What is wanted is every line below from the one with "近日,记者的朋友圈出现一则《" up to and including the one with "同时融入中国发明专利成分(专", retyped exactly, pictures excluded, nothing else.

───── Dataset records

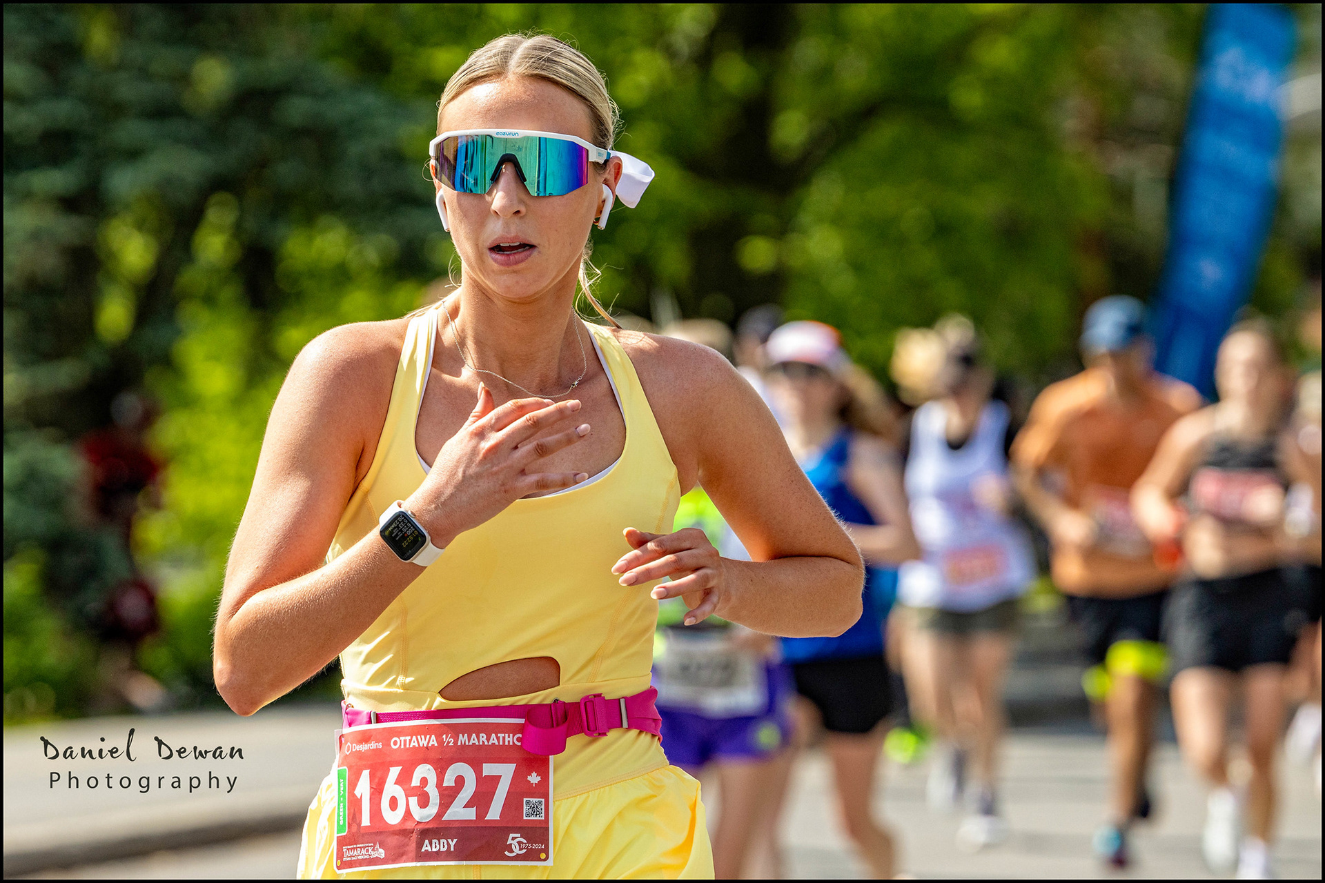 Becca running the Tamarack Ottawa 1/2 Marathon. Sunday May 28 2023
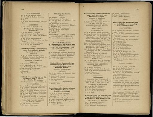 124 125 COMMISSARISSEN . Mr . W . H . de Beaufort , Voorz . Mr . F . J . M . A . Reekers , Secretaris . R . P . Dojes . W . Stork . L . H . Graaf Schimmelpenninck van Nijen- huis . DIRECTEUR . G . van Leusen , te Frederiks-oord . Bestuur der Afdeeling Amsterdam . A . W . van Eeghen , Voorzitter . J . F . de Beaufort , Onder-Voorzitter . Jhr . Mr . N , G . Teding van Berkhout , Secretaris . M . van Notten , Penningmeester . Mr . W . S . J . van Waterschoot van der Gracht . A . J . van Beek Helledoren Haages . Mr . J . E . Th . van Valkenburg . CJerefornieerde Vereeniging voor Drankbestrijding . Opgericht 8 Maart 1900 . BESTUUR . Ds . W . H . Gispen , Voorzitter , Zwolle . J . Minderaa , Secretaris , Ruysdaelkade 21 . C . Buytendijk , Penningmeester . Afdeeling Amsterdam . BESTUUR. P . C . Hildering , Voorzitter . J . W . Marmelstein , 2e Voorzitter . F . J . Welzenbach r lelSecr ., Kerkstraat 237 . J . van Santbrink , 2e Secretaris . O Buitendijk , Penningmeester . J . Minderaa . Mej . Chr . Vonk . Hederl . Vereeniging tot Af . schatting van Alcohol- houdende Dranken . Erkend bij K . S . van 4 April 1844 No . 62 HOOFDBESTUUR . P . van der Mealen , Leeuwarden , Voorzitter . F . U . Schmidt , Hilversum , Vice-Voorz . 3 . Gerhardt , Amsterdam . Arie H . Willemse , Utrecht , Penningm . Mr . D . A . van Eek , Oegstgeest , ie Penningm ,. Ds . M . O vanWijhe , Engelum , 2e Secretaris . M . Hillebrand , Dokkum . J . G . Jansonius , Huizum bij Leeuwarden , Verlengde Schrans , Alg . Secretaris . REDACTIE VAN HET ORGAAN „ DE BLAUWE VAAN ". W . van der Sluis , Amsterdam . ¥. G . van der Veen , idem . Afdeeling Amsterdam BESTUUR . Jan Gerhardt , Voorzitter . G . Schuilwerve , 2e Voorzitter . H . van der Valk , Ie Secretaris , Over- toom 416 . Th . Eygensteijn , 2e Secretaris . J . Harders Ie Penningmeester , Elisabeth Wolffstraat Bin . O A . Groos , 2e Penningmeester . Mevr . G . van der Valk — Drees . C . J . Wansbeek . H . Boender . RÉDACTEUR VAN HET AFDEELINGS - ORGAAN „ SLUIT SCHIEDAM ". W . van der Sluis , Brederodestraat 19 . IVoorrt-HolIniidsclie Propaganda-Cominissie van de Dlederiandiclie Vereeni - ging tot afschaffing van alcoholische dranken . BESTUUR . Y . G . van der Veen , Voorzitter . Amsterdam . W . van der Sluis , Brederodestraat , 19 , Secretaris-Penningmees'.er , Amsterdam . J . Jongejan , Penningmeester , Limmen , Ds . J . L . Klein , Edam . Christelijke Broederkring inzonderheid bedoelende de Afschaffing van Sterken drank . OPGERICHT AU&USTUS 1860 . BESTUUR . Ds . L . O Schuller tot Peursum , Eere- Voorzitter . F . W . A . Korff , Voorzitter . O Willemse , Ie Secretaris , Overtoom 240 . G . Bos , Penningmeester . \ Bij bestuurders . J . Bouman , Bode . IVederlandscheOnderwij zers Propaganda-Club voor drankbestrijding . Th . W . v . d . Woude , Voorzitter . J . H . Varekamp Jz ., Ingogostraat 2 , Ie Secretaris . Ch . van der Bilt , den Helder , 2e Secretaris . H . P . Buys , Heineuoord , Ie Penningmeester . B . Weijkamp , Baarn , 2e Penningmeester . H . Meester , Meppel . A . Langejan , Enschedé . Vereeniging tot Bevordering van het Herstel van Brankzuchtigen . Gevestigd te Amsterdam . Opgericht 1890 . Goedgekeurd bij Koninklijk Besluit van 12 Maart 1891 , No . 35 . HERSTELLINGSOORD „ HOOG-HULLEN ", Eelde ( Drente ). HOOFDBESTUUR. Dr . W . P . Ruijscb , ' sHage , Voorzitter . Dr . J . van Deventer Sz ., Sarphatistraat 78 . Inspecteur van het Staatstoezicht op Krankzinnigen en Krankzinnigenge- stichten , afgevaardigde der Ned . Ver- eeniging voor Psychiatrie en Neurologie , Secretaris-Penningmeester . Mevr . E . Mees-Snethlage , Zeist . Ds . A . van der Heide te Britswerd , Afge- vaardigde der Nederl . Vereeniging tot Afschaffing van alcoh . drank . Mr . H . Goeman Borgesius , te ' s Hage , afgevaardigde van den Volksbond tegen drankmisbruik . Prof . Dr . E . Wiersma , te Groningen . Dr . P . Wieringa , te Zujdlaren . DIRECTIE VAN HET SANATORIUM „ HOOGHULLEN ". Dr . H . Posthumus , Arts , te Groningen , Geneesheer- Directezir . Telefoon No . 783 . BESTUUR DER AFDEELING AMSTERDAM . Dr . J . Kuiper , Voorzitter . Dr . J . van Deventer Sz . Onder - Voorzitter Mevr . G . W . Bouman—Slingenberg , Secre - taresse- P enningm . Th . W . vau der Woude . Volksbond . Vereeniging tegen Drankmisbruik . Goedgekeurd bij Kon . besluit van 24 Maart 1882 en van 19 Juni 1906 No . 90 . Afdeeling Amsterdam . Mr . G . M . den Tex , Voorzitter . W . J . Pekelharing , Secretaris . G . D . van Epen , Penningmeester . Dr . G . A . M . van Wayenburg . , J . II . Z . Koch . Maatschappij tot Exploitatie van Koffiehuizen van den Volksbond , Afd . Amsterdam . COMMISSIE VAN BEHEER . Dr . C . W . Janssen , Voorzitter . E . Brüehner Jr ., Secretaris . W . G . Breukelaar , Penningmeester . Ch . Escher , Administrateur . P , Singer , Inspecteur . J . Smit , Adjunct-Inspecteur . IKederlandsch Genootschap tot zedelijke verbetering der Gevangenen . HOOFDBESTUUR . Mr . A . Fentener van Vlissingen , ' s Graven- hage , Voorzitter . G . A . M . de Bruyn , te Rotterdam , Onder- Voorzitter . E . René van Ouwenaller , Hilversum , Alg . Secretaris . Mr . F . Kranenburg , Alg . Penningmeester . Keizersgracht 253 . Mr . R . van de Werk . Mr . Th . J . B . Hiltermann . Prof . Mr . D . Simons te Utrecht . Mr . G . T . J . de Jongh . Mr . W . L . Luyken Glashorst . L . Roosenburg . Jhr . Mr . W . O Quarles van Uftbrd . Mr . A . de Graaf te Utrecht . Mr . J . N . J . E . Heerkens Thijssen te Haarlem . Jhr . Mr . F . G . W . J ., Backer te's- Graven-hage . Prof . Mr . J . Domela Nieuwenhuis te ' s Gravenhage . Afdeeling Amsterdam . Mr . G . T . J . de Jongh , Voorzitter . Mr . Dr . N . Muller , Ie Secretaris . Mr . E . Polak , 2é Secretaris . . 1 . Broens , Ie Penningmeester . Mr . W . A . van Woudenberg Hamstra , 2e Penningmeester . Ambtenaren ter Reclassecring . G . J . M . van Lingen . Th . Postma Th.zn . Telefoon 5823 . Het bureau is gevestigd Leidschekade 107 . Zitting van het bureau voor mannen : eiken Zaterdag 
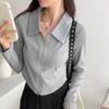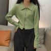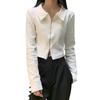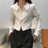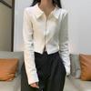 Korean style pure cotton turn-down collar long sleeve cropped t-shirt for women
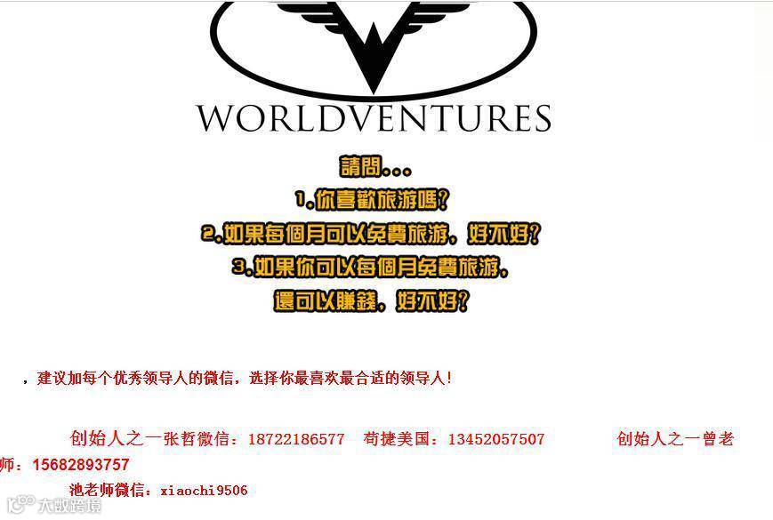近日,记者的朋友圈出现一则《旅游传销大揭秘——WV梦幻之旅的“庞氏骗局”》的新闻,文章中指出,WV梦幻之旅打着边旅游边赚钱的幌子吸纳会员从而进行诈骗,为此,北京时间记者从WV梦幻之旅中文官方网站中找到了所谓创始人之一的张先生,并加了微信号表示想要加入WV这个大家庭。
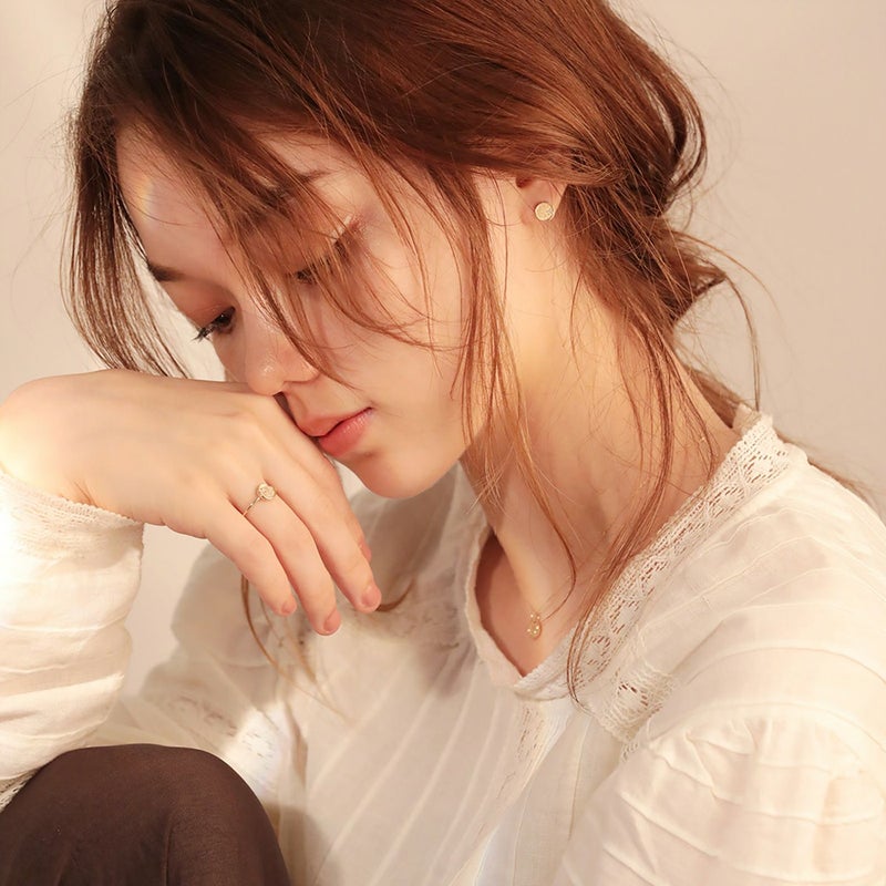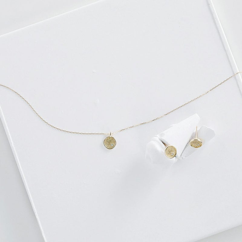 コインモチーフにダイヤモンドを1石留めた、品のあるデザインです。カジュアルながらも、どんな場面でも使っていただきやすいピアスに仕上がっています。
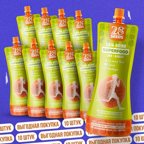 Напиток Чиа 28SEEDS, смузи без сахара суперфуд Лайм — Имбирь, 10 шт
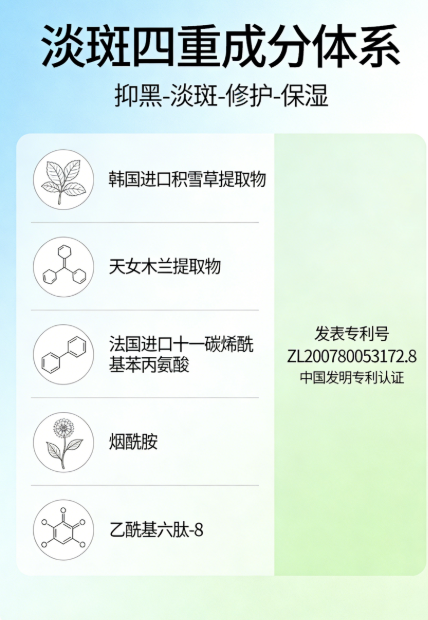 同时融入中国发明专利成分(专利号:ZL200780053172.8)天女木兰提取物,搭配韩国进口积雪草、虎杖根、黄芩根、光果甘草根等八大植萃舒缓矩阵,舒缓换季肌肤微炎症,防止炎症诱发色素沉着,修护受损肌肤屏障。复配透明质酸钠、乙酰基六肽-8等保湿抗皱成分,淡斑同时滋养肌肤,改善干燥细纹,真正实现美白不伤肤、淡斑更养肤。
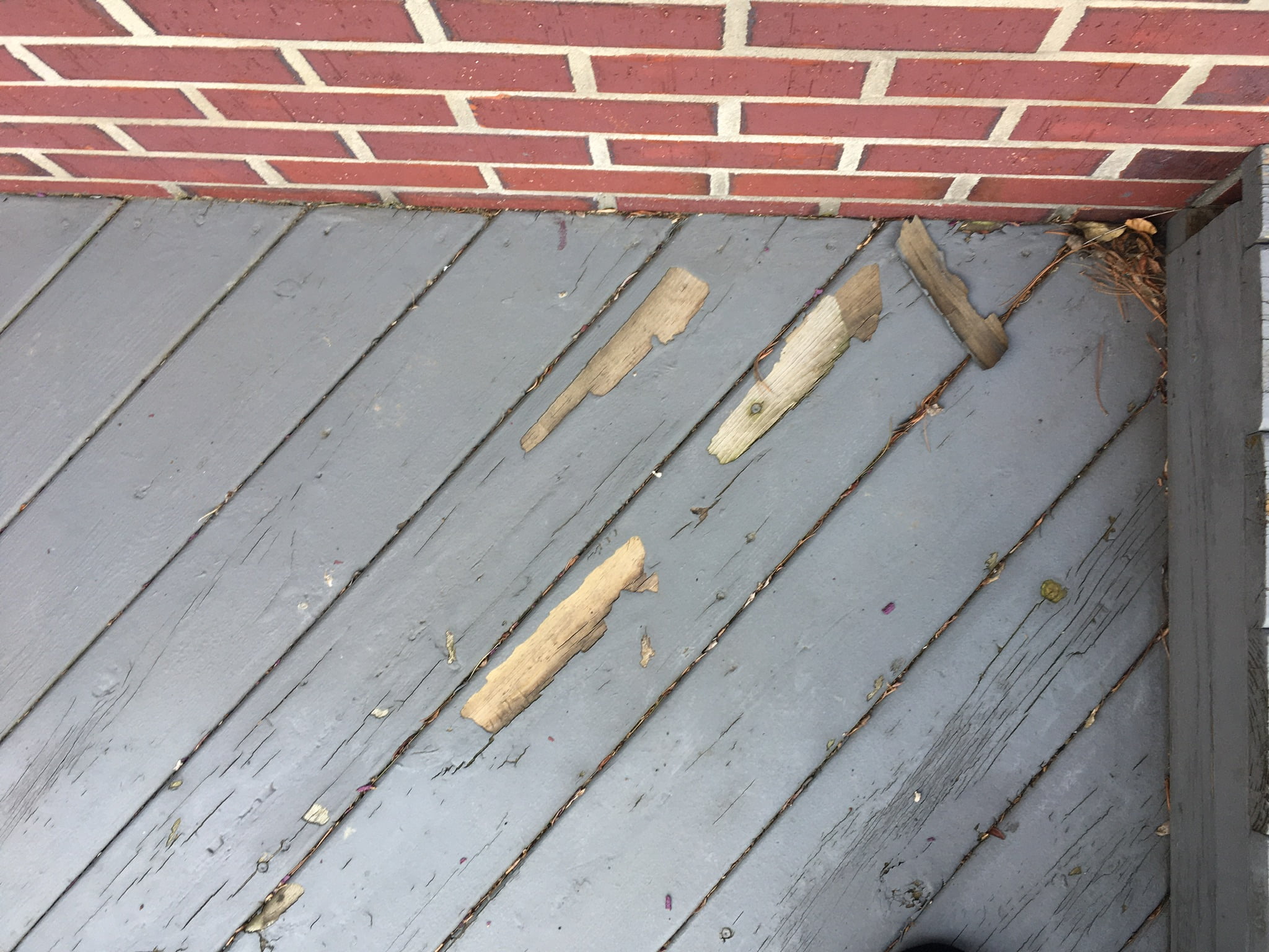 The paint, deckover , has cracked, and the wood, is rotting under the Deckover paint.
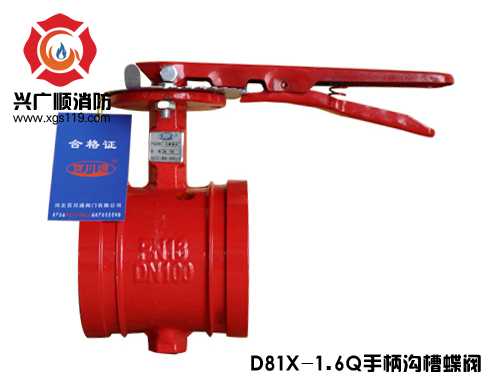 D81X-1.6Q手柄蝶閥既有良好密封性,又具備與管件連接所需求的快捷性,3C認證溝槽蝶閥的手柄與安裝在閥體上的流量牌相互配合,來控制流體的流量。
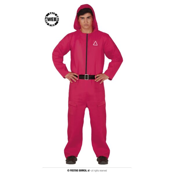 Il costume da Guardia di Squid Games per uomo include: tuta con cappuccio con patches intercambiabili. Disponibile in 4 taglie: S, M, L, XL. Il materiale è 100% Polyester Ignifugo. Per essere un vero personaggio di Squid Game!

──────────

Completed exercise:
近日,记者的朋友圈出现一则《旅游传销大揭秘——WV梦幻之旅的“庞氏骗局”》的新闻,文章中指出,WV梦幻之旅打着边旅游边赚钱的幌子吸纳会员从而进行诈骗,为此,北京时间记者从WV梦幻之旅中文官方网站中找到了所谓创始人之一的张先生,并加了微信号表示想要加入WV这个大家庭。
 コインモチーフにダイヤモンドを1石留めた、品のあるデザインです。カジュアルながらも、どんな場面でも使っていただきやすいピアスに仕上がっています。
 Напиток Чиа 28SEEDS, смузи без сахара суперфуд Лайм — Имбирь, 10 шт
 同时融入中国发明专利成分(专利号:ZL200780053172.8)天女木兰提取物,搭配韩国进口积雪草、虎杖根、黄芩根、光果甘草根等八大植萃舒缓矩阵,舒缓换季肌肤微炎症,防止炎症诱发色素沉着,修护受损肌肤屏障。复配透明质酸钠、乙酰基六肽-8等保湿抗皱成分,淡斑同时滋养肌肤,改善干燥细纹,真正实现美白不伤肤、淡斑更养肤。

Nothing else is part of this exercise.